Kevin G. GROVE. Augustine on Memory. Oxford University Press, 2021. Pp. xi + 265. $69.96 (hc). ISBN-13: 978-0197587218. Reviewed by Pierre HEGY, Adelphi University, Garden City, NY 11530.

 

Researchers in many fields are interested in Augustine’s reflections on memory: philosophers in the light of Plato, phenomenologists of the inner self, social scientists interested in the collective memory, religionists meditating on religious remembrances, and theologians reflecting on Trinitarian logic. All tend to concentrate on only two texts dealing explicitly with memory, Augustine’s Confessions chapter 10, and his later work, On the Trinity.
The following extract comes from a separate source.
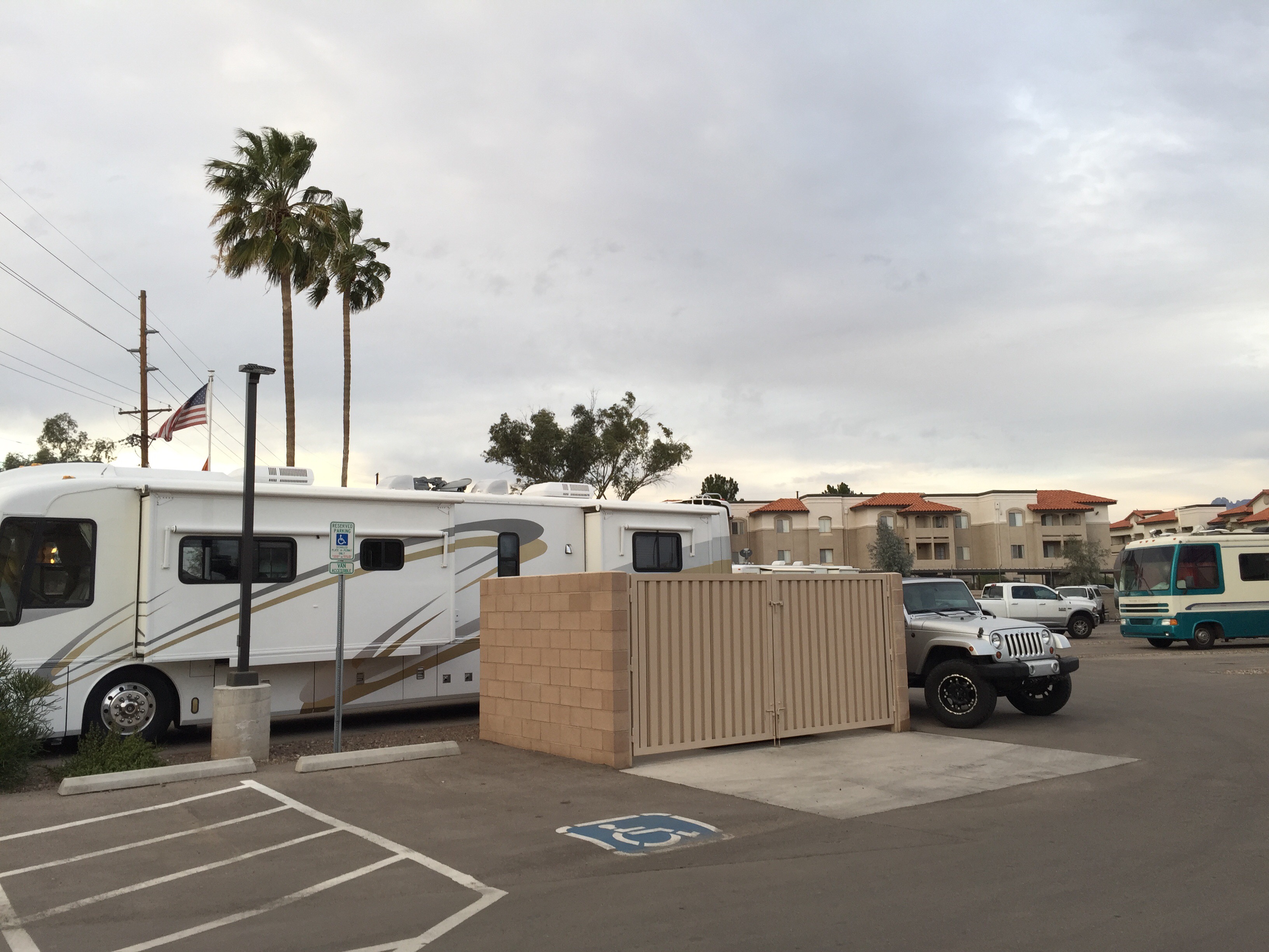 Our first night’s stay was at a very small park located super close to U of A and downtown Tucson. Sentinel Peak RV Park is situated between apartment complexes, in what could have easily been an automotive repair shop in a different life. The office and clubhouse are housed in a newer, clean metal building with a few rollup doors that have been permanently closed to make the “clubhouse”. It’s the only park considered to be in the downtown area, is super clean, all paved, and offers full hook-ups. It’s not really much to write home about, but the person that helped me was very kind and professional, and hey, it got the job done.

Kevin Grove breaks new ground by noticing that Augustine uses many words in reference to memory (recordare, cogitare, commemorare, delere, etc.) which allows him to discover that memory activities are mentioned in most of his sermons. His book offers the treasure trove of memory activities in Augustine’s preaching in the years between the Confessions and de Trinitate. The book is divided into eight chapters, presenting Augustine’s progressive investigation of the powers of the memory from childhood to death.
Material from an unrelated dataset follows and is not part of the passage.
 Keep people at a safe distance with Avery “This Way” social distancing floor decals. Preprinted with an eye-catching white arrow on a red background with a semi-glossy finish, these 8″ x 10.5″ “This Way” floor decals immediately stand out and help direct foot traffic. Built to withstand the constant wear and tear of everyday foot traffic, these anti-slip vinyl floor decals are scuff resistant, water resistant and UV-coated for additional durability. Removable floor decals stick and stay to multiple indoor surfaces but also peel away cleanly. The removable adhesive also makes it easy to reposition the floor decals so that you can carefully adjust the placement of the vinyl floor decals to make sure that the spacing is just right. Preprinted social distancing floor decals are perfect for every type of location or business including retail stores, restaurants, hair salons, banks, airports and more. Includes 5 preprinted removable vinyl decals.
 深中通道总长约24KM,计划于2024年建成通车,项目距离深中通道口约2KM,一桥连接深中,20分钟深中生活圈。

In his early writings, Augustine had discovered that memory is the core of his identity, the mediator between body and soul,  past and present,  and between a future of wisdom and the present. In these early wroks, memory is power but in the Confessions Augustine’s restless heart is unable to find the creator he feels drawn to. In his ascent toward wisdom, he progressively rejects the falsehoods of Platonism and, at the end of chapter vii, discovers Christ by reading the letters of the apostle Paul. In chapter viii he recounts the story of his conversion. The memory, “more intimate than myself,” seems to have no more role to play, unless we investigate his sermons.
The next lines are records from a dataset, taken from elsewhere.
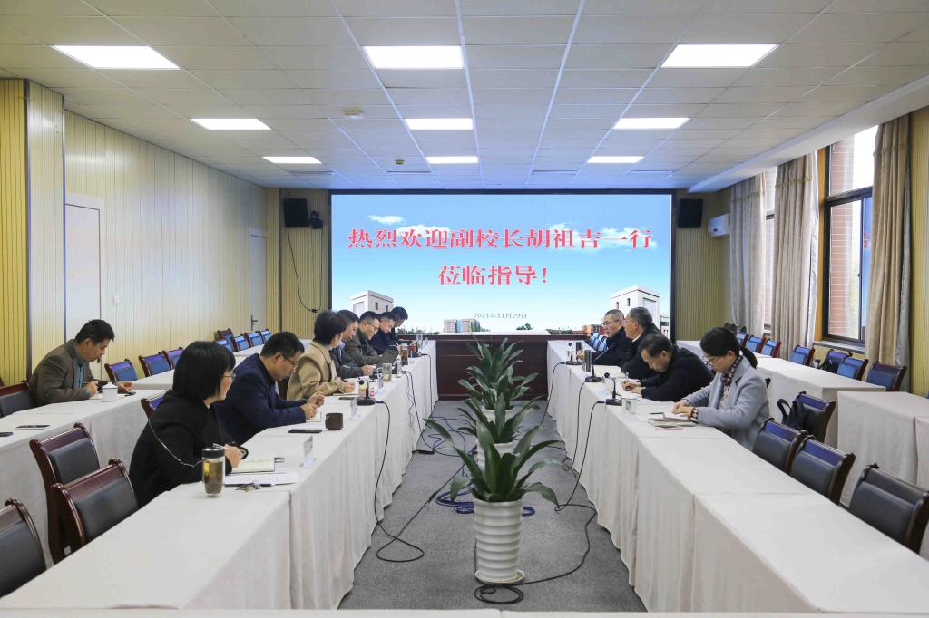 11月29日,浙江农林大学副校长胡祖吉一行来必赢官网调研指导。学校规划处处长梅亚明、人事处处长孙伟圣、计财处处长谭天敏陪同调研座谈,学院全体领导班子成员参加座谈会。
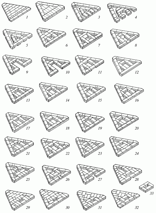30-й ряд – второй ряд перекрытия с увеличением длины и ширины кладки еще на 50 мм.
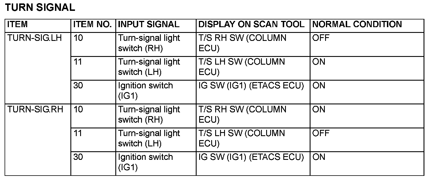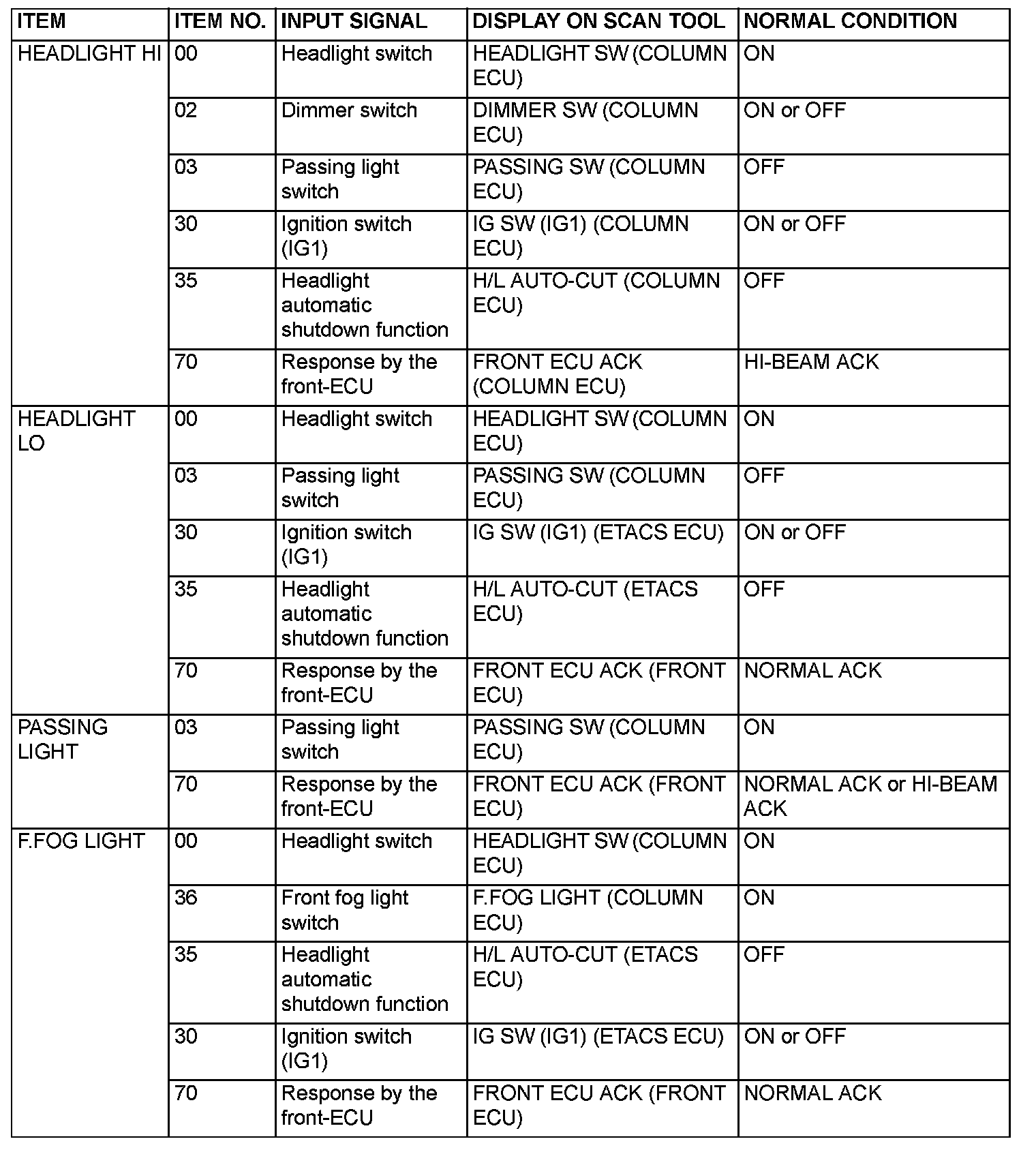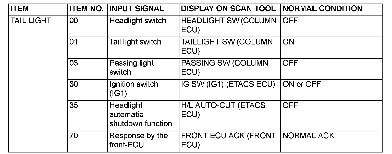 NOTE: When checking the input signals (off, tail, low-beam or high-beam), turn the ignition switch to the "ON" position in order to disable the headlight automatic shutdown function. However, the headlight operation does not depend on the ignition switch positions, the scan tool MB991958 (MUT-III Sub Assembly) does not display the title "IGNITION SWITCH".
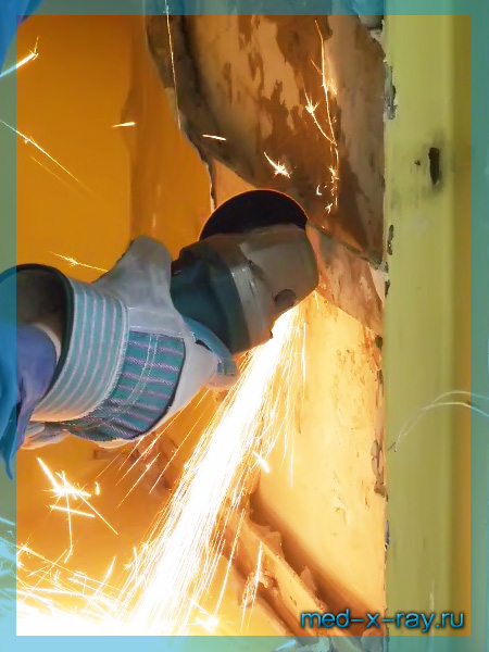 ► Как правило, сначала производится демонтаж старых рентгенозащитных дверей. В данном случае, производился демонтаж старых дверей радиологического отделения весом более 500 кг.

After his ordination as a priest in 1991 and as a bishop in 1995, Augustine had to learn as he went, developing his theology as he preached. Ffollowing the tradition established since early Christianity, he preached on the psalms, and according to the standards of the time, he saw the psalms—all of them—as prophecies of Christ. Psalm 21, “My God, why have you forsaken me?” obviously refers to Christ, but this psalm could also be read as a model of human affliction relating to God. This is the experience, not just of individuals, but also of the whole Christian community, the “total Christ,” Now memory has taken on a collective dimension. This was a turning point.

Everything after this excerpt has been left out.